O mundo real tem pessoas, emoções reais, sentimentos reais, dificuldades e dilemas reais. No mundo real, a criança pode experimentar, “ensaiar” as suas ideias, colocar em prática as suas competências, contactar com a diferença, fazer escolhas, exercer a sua individualidade. A criança conhece-se através dos outros. Vai reconhecendo as suas características e interpretando o mundo em função delas. Aprende uma interpretação própria da realidade que adequa ao contexto.

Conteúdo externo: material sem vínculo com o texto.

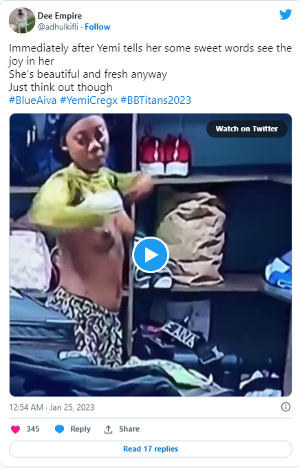 “Blue Aiva just undressed casually. see firm boobs. my eyes are fed” a netizen who identified himself as Femi wrote on Twitter.
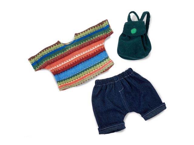Back To School-setet för Rubens Cutie-dockan är det perfekta klädvalet för att rivstarta början på ännu ett skolår. I setet ingår, en randig, flerfärgad tröja, ett par jeans och en grön ryggsäck med kardborreknäppning vid väskans öppning.
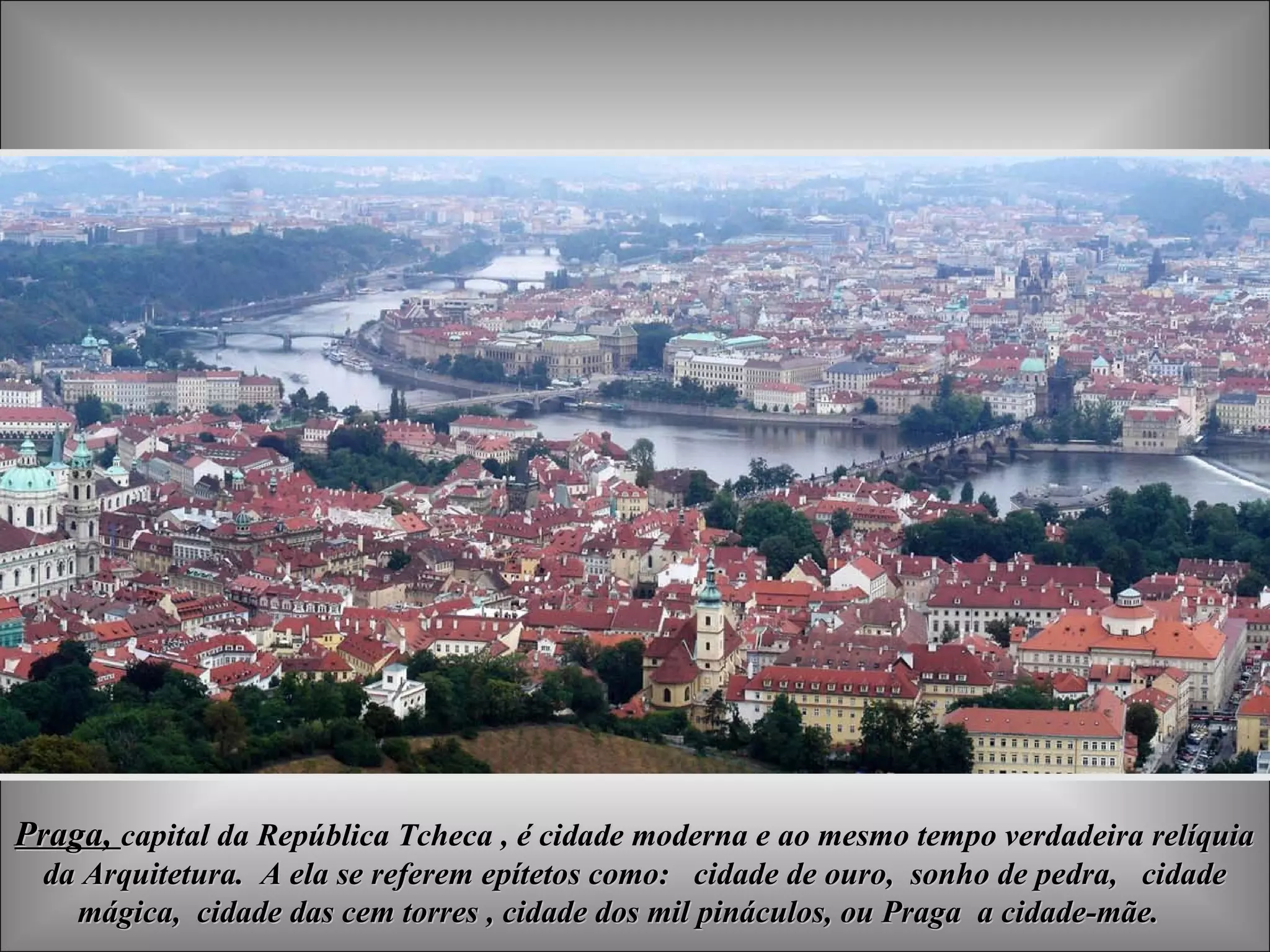 Praga é uma cidade histórica com arquitetura que varia do século IX ao moderno. Seu ponto central é o Castelo de Praga, o maior castelo do mundo, que contém vários palácios, igrejas e museus. A cidade também é conhecida por suas pontes sobre o rio Vltava, incluindo a famosa Ponte Carlos.
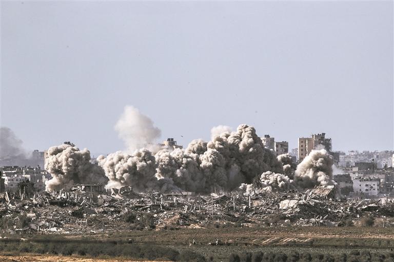 以色列军方发言人20日称,在加沙城宰通地区发现了哈马斯用于制造火箭弹的工作室、一些武器以及地道入口,同时以军在加沙城中心地带的攻势持续,将哈马斯武装人员围堵在城东地区。以军当天继续对加沙地带多地展开空袭。据巴勒斯坦媒体报道,20日深夜至21日凌晨,以军空袭了加沙地带中部的努赛赖特难民营,造成17人死亡。

No mundo digital, apesar de o contacto ser fácil e rápido com outras pessoas, não há as vivências do mundo real, vivências essas que ajudam a construir a realidade e a saber como se comportar em sociedade. A comunicação neste mundo não é tão rica e a interacção, essa é claramente pobre. O verdadeiro desafio é conseguir encontrar o lado positivo destes dois mundos, equilibrá- los no sentido de assegurar o desenvolvimento saudável da criança.

Na sua opinião, no futuro teremos crianças com maior ou menor capacidade de socialização e porquê?

Cada criança é dotada de uma singularidade ímpar, que a torna especial e única. Nesse sentido e como gosto pouco de generalizações, não podemos dizer com total segurança se a capacidade de socialização será maior ou menor, irá depender dessa mesma idiossincrasia. O que podemos garantir é que as crianças, tal como nós adultos, têm capacidade de adaptação a novas situações e realidades. Da mesma forma como, de repente, todos nós nos adaptámos a um novo mundo, também de futuro o processo de socialização terá de decorrer de formas diferentes. Já disse Heráclito, nada é permanente, excepto a mudança.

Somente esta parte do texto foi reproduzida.